The next step is to decide what concepts to teach. Janet Bodnar of Kiplinger’s Personal Finance has popularized her list of the five basic things your children should know about money at the age of five. Here is our take on the list:

1. A dime is worth more than a nickel even though it is smaller.

While you would be hard pressed to find more than \$40 in my wallet these days as technology continues to change the way we shop and manage money, children have a much easier time understanding something they can touch, see and watch grow. The classic piggy bank is a great way to help them distinguish between different coins and start the saving process.

It’s okay if your five-year-old doesn’t immediately grasp that dimes are worth more than nickels. Understanding that there isn’t always a relationship between size and value is a pretty abstract concept for a preschooler or kindergartener to wrap their heads around. Now, if your teenager has trouble with that concept, that’s another matter entirely…

2. Coins can be exchanged for other good stuff.

Next snack time, place 5 pennies and a nickel on the table and explain that 5 pennies equals the same as 1 nickel. Then grab a box of animal crackers and juice and tell them each animal cracker can be bought for one cent and a glass of juice is five cents. Allow them to then determine how they will purchase their snack items.

3. The toys they see on TV won’t look as flashy or work as well, at home.

Have you ever been watching television when a McDonalds commercial comes on flashing pictures of the most mouth-watering burgers and crisp, golden brown fries? You succumb to this hankering and hit the drive-thru only to find that your burger looks like someone sat on it and your fries are soggy and limp. Teach your children that advertising uses tricks to get you to buy the product, not necessarily to represent the real world. Have them compare the actual product to the commercial.

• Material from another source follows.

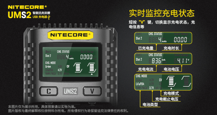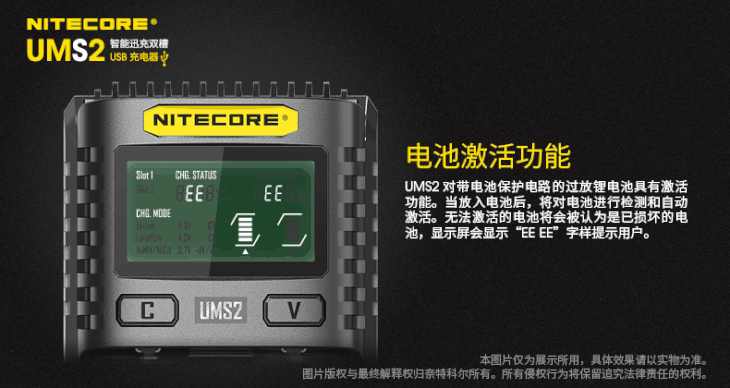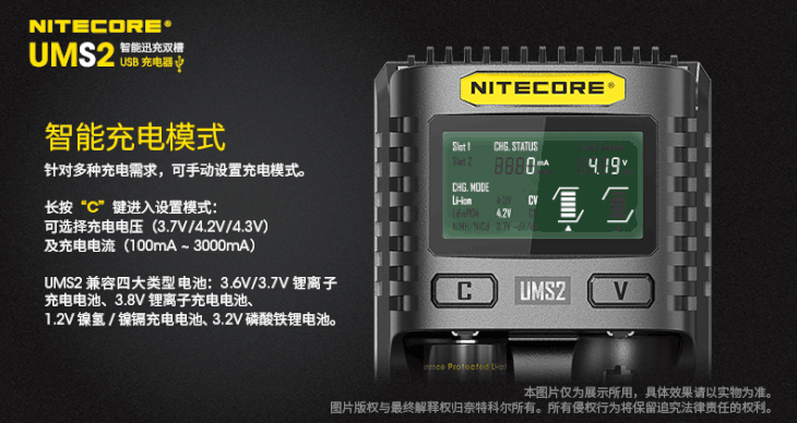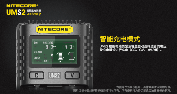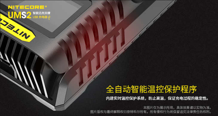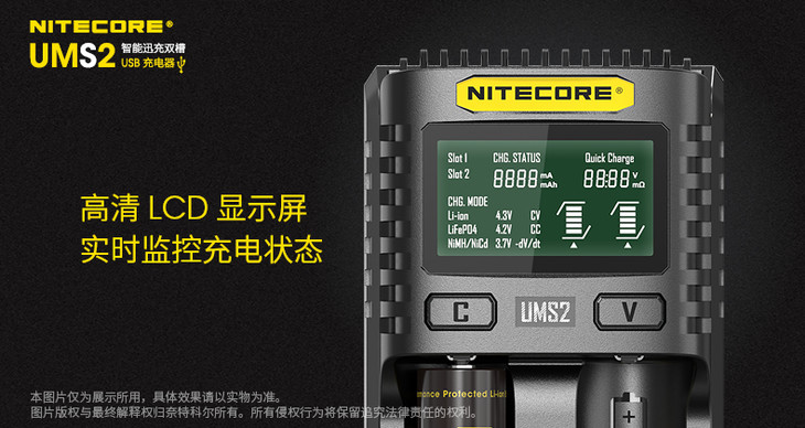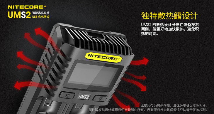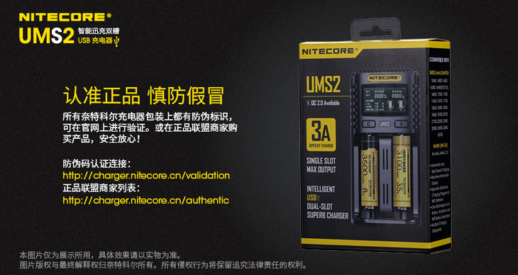 NITECORE奈特科尔UMS2智能快充USB双槽QC高电流18650充电器

There are a couple of excellent websites teaching children media and advertising literacy so that they are less easily fooled by commercials. The FTC’s website has useful information on this particular topic. You can also watch an interesting video with your children in which a food stylist (like a makeup artist for food) reveals the tricks of the trade to make that hamburger look so mouth-watering onscreen. This video is part of a larger media literacy curriculum developed by media educator Frank Baker.

4. Saving money can be fun when they can use it to buy something later.

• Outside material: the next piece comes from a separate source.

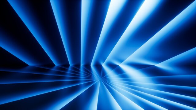 Abstract neon light background. Intense blue laser rays fan out with reflection, forming a starburst structure reminiscent of dynamic lighting effects in clubs. 3d render illustration.

Don’t be discouraged if your children want to spend money as soon as they get it at this age. You are off to a good start if they understand that money can be exchanged for stuff. But as I’ve mentioned before, delayed gratification is one of the most important smart money lessons for kids to grasp. Teaching them they can buy a small toy now or save for a much bigger and better toy later, helps them understand the power of saving. My nephew loves Matchbox cars but he likes the big Tonka trucks better. By teaching him how many Matchbox cars it takes to get a Tonka truck, he is not as likely to beg for a car every time he goes to the store.

5. They will not get everything they ask for.

Saying no is a part of being a parent but be careful not to discourage your children from asking. I often notice that successful people are far more likely to ask for help when they want something or need to solve a problem. Changing the “Can I have?” to “How do I get?” can pay great dividends in your child’s future. Assuming you are not opposed to the purchase, help them put together a plan to get what they want.